The circuit court of Ionia county held the lease void for want of written authority in the agent, and directed a verdict for defendants. Plaintiff brings error.

We think this ruling was wrong on two grounds.

The lease, on its face, purports to be made by Pose; and if testimony is not allowed to dispute his being principal, the action lies by Mrs. Toan, as payee under the lease, to whom, and to whom alone, all the money was to be paid, and defendants directly and expressly promised to pay it to her. She, being the only person entitled, could sue in her own name without an assignment, and defendants, having enjoyed the property under the lease for a full year, cannot escape their promise to pay her : Hopkins Manuf'g Co. v. Aurora F. & M. Ins. Co., 48 Mich. 148.

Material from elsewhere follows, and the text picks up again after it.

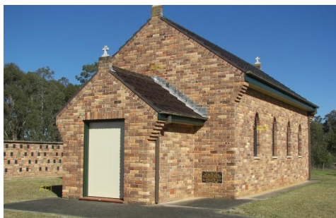
St Francis Xavier Church - Greendale
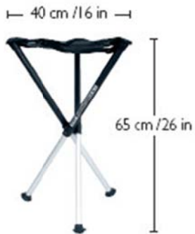
Walkstool Comfort 65 XXL 850 g / 30 oz Max 250 kg / 550 lbs

But we see no reason why it was not competent to show' *388that the lease was made on plaintiff’s behalf by her agent. While the statute of frauds makes leases for more than one year invalid if the agent is not authorized in writing, yet, where the lessee has been put in possession, and has enjoyed the premises for a full year, the executed agreement is good for that period at least, and is not within the statute: Norris v. Showerman, 2 Doug. 27; Switzer v. Gardner, 41 Mich. 164. Had the property been surrendered when the year expired, that might bear upon liability for the second year, but it could not prevent liability for the rent already accrued, which is all that is involved in this suit.

Whether, therefore, she is treated as payee under Nose’s lease, or as Nose’s principal, makes no difference in the present action. The declaration shows what the lease was, and in whose name it was made, and discloses a good cause of action.

The judgment must be reversed, with costs, and a new trial granted.

The other Justices concurred.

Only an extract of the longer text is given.